Hello I'm reading Tao and Vu's book additive combinatorics,and I can not fully convince myself to believe the proof of Theorem 1.13. In the proof, they constructed a set by the following way(It seems that I'm not allowed to upload picture now, so I type it down)
Define a set $B\subset\mathbb{Z}^+$ randomly by requiring the events $n\in B$ (for $n\in \mathbb{Z}^+$) to be jointly independent with probability $\textbf{P}(n\in B)=\min\bigg(C\sqrt{\frac{\log n}{n}},1\bigg)$, where $C$ is a large constant to be chosen later.
Since I've not seen such a method before, I have several questions:
- If one talks about randomness, then there should be a probability space. In the proof they choose a set $B$ randomly, what is the probability space $(\Omega,\mathcal{F},\mathbb{P})$ here?
- Relating to the first question, how could I require that events $\{n\in B\}_{n\in\mathbb{Z}^+}$ to be jointly independent?
- Why could I require that events $\{n\in B\}_{n\in\mathbb{Z}^+}$ have the assigned probability?
Any comments should be helpful! [1]: https://i.stack.imgur.com/AWZN5.png
In your problem we may put $\Omega_1 = \{ (i_1, i_2, \ldots ) | i_j \in \{ 0; 1\} \}$ and $\mathcal{F} =\sigma$-algebra containing the cylindrical sets. For example, $ w = (1,0,1,1,0, \ldots )$ means that $1 \in B, 2 \notin B, 3 \in B, 4\in B, 5 \notin B, \ldots$. We also may put $\Omega_2 = [0,1]^{\mathbb{N}}$ with corresponding $\sigma$-algebra.

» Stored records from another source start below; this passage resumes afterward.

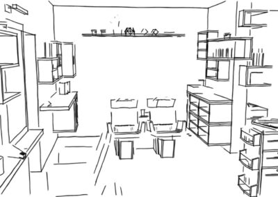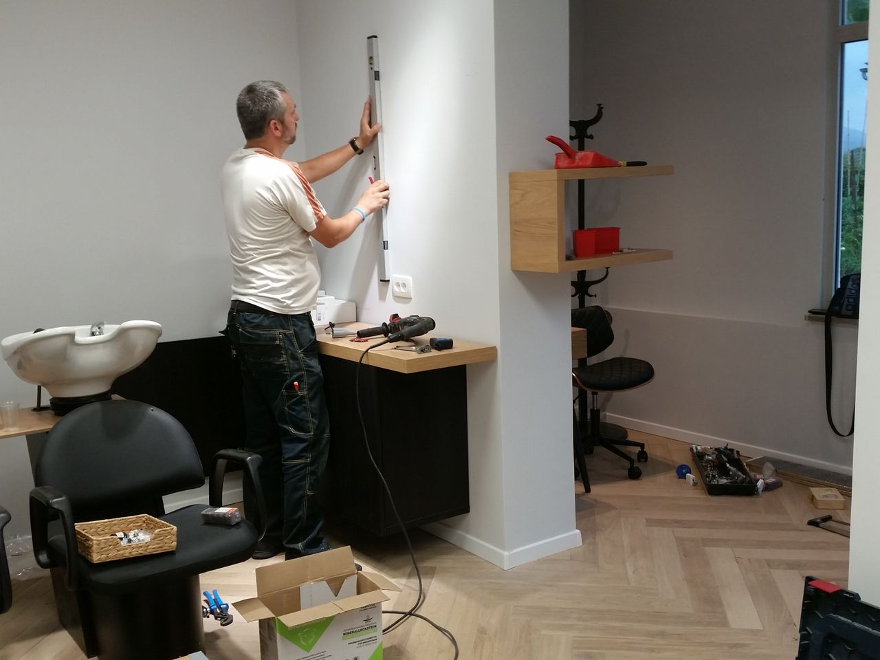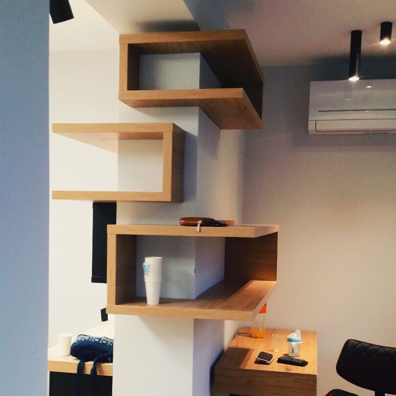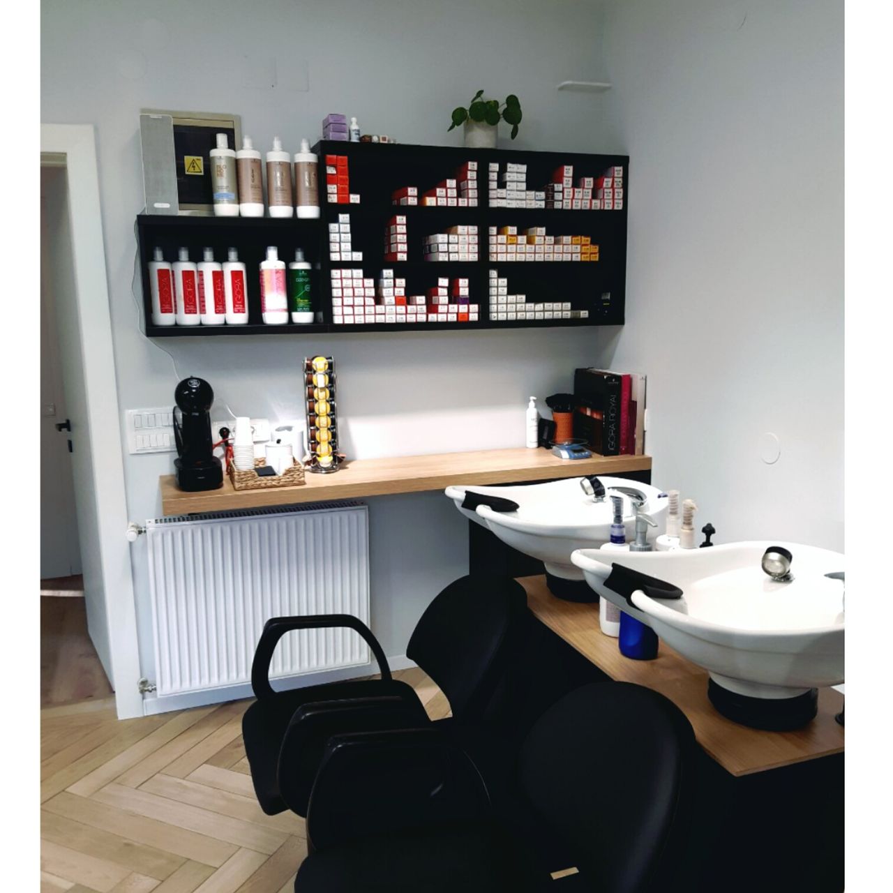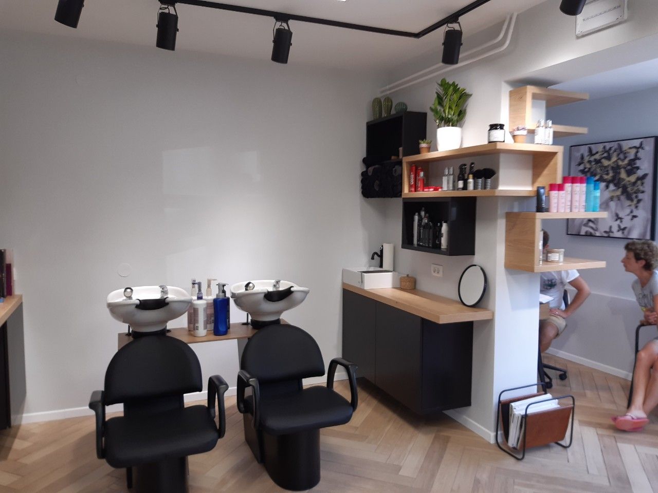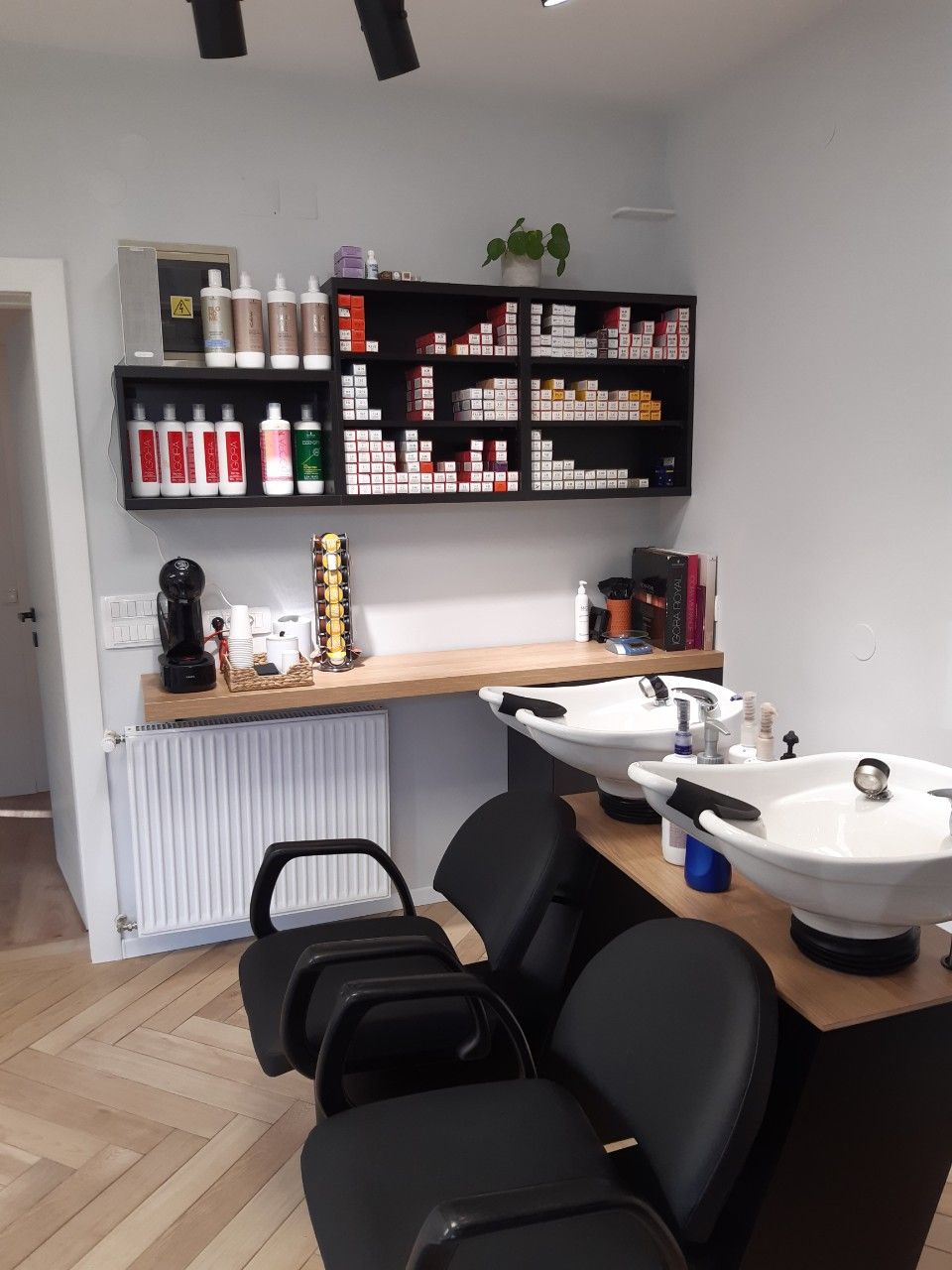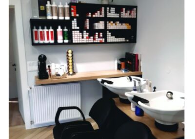 Želja investitora bila je preuređenje frizerskog salona koji je uređen pred 20 godina. Potrebna je bila kompletna adaptacija: promjena podne obloge, nova oprema te nove radne pozicije, rasvjeta, te kompletna adaptacija wc-a. Najveći izazov u preuređenju bio je rok od 20 dana koji nismo smjeli zanemariti, te smo prije samog početka morali imati apsolutno sve isplanirano te dogovorene sve točne termine s izvođačima Želja investitora bila je, u interijer unijeti maksimalno tri boje, bez previše detalja, čisto, jednostavno. Dinamiku prostora postigli smo odabirom podne obloge te metodom slaganja u obliku riblje kosti. Posebnu pažnju posvetili smo odabiru rasvjete koja je u frizerskom salonu jako bitna.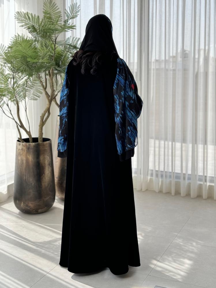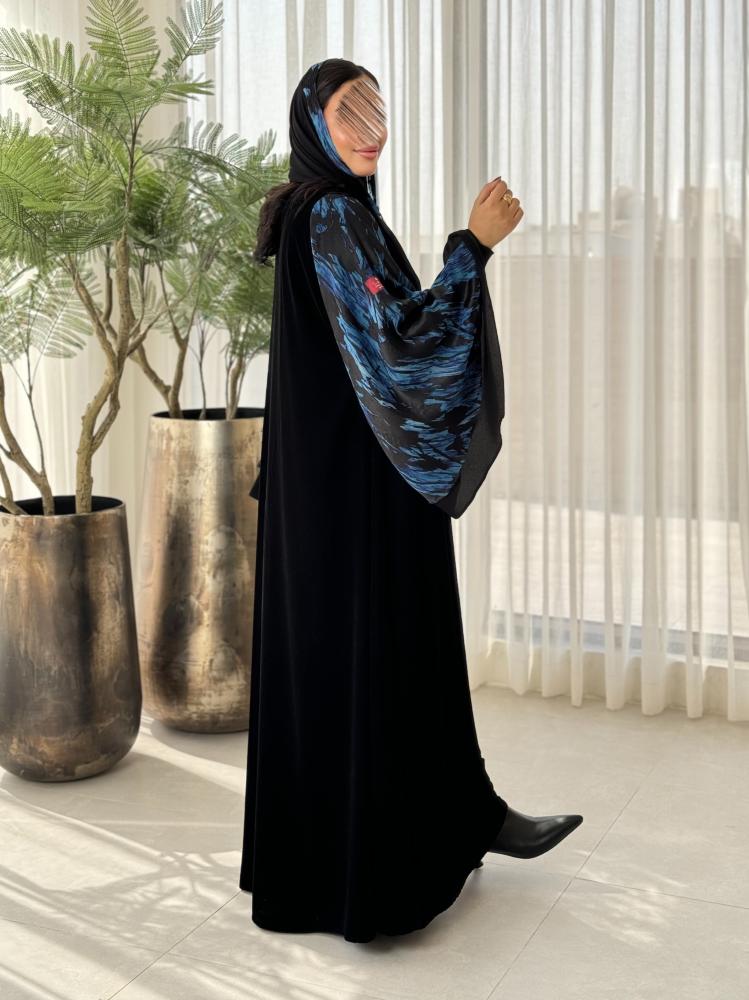 وصف المنتج : عباية شتوية فاخره مصنوعه من قماش المخمل تتدفق بشكل جميل حول جسمك واكمام الكلوش الراهية المريحة
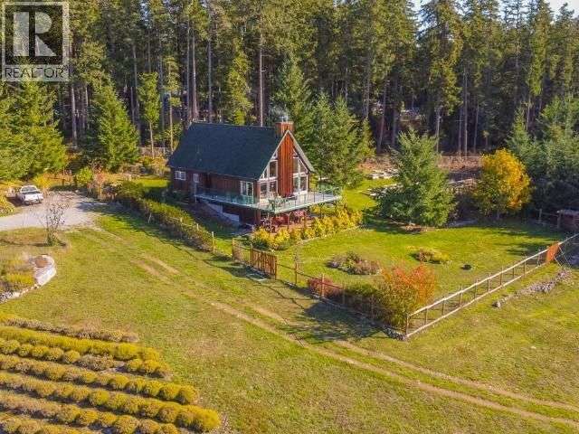 Stunning home with fantastic OCEAN views over Georgia Strait to Vancouver Island on Texada Island. Serenity and peace blanket this 22 acre gem that offers a 14 year old 3000+ square foot, 3 level home. Inside it offers a 640sf primary bedroom with a sitting area, walk in closet and a high vaulted ceiling. On the main enjoy two bedrooms, a well laid out kitchen and a huge living room with 18' ceilings and wood burning stove. The basement contains a bright large family room, second wood stove, walk out to covered patio and two partially finished storeroom/workshops. Once captivated by the inside, walk out to the 22 acre grounds with two outbuildings, one finished, the other 70% done. Neither are visible from the main home. There is a pond that retains water year round, and an extensive lavender harvest, beautifully fully fenced gardens with fruit trees and more. This estate must be seen to be fully appreciate it's uniqueness. (id:2493)

2-3. Put $a(n) = \min\bigg(C\sqrt{\frac{\log n}{n}},1\bigg)$ and define $P( w \in \Omega_1 : w_{i_1} = 1, w_{i_2} = 0, w_{i_3} =1) =a_{i_1} (1-a_{i_2})a_{i_3} $ and so on. It allows us to define a measure on cylindrical $\sigma$-algebra. The existence of such a measure follows from Kolmogorov existence theorem.
Remark: the explicit form of $\Omega$ is not important in such problems as it doesn't give any useful information.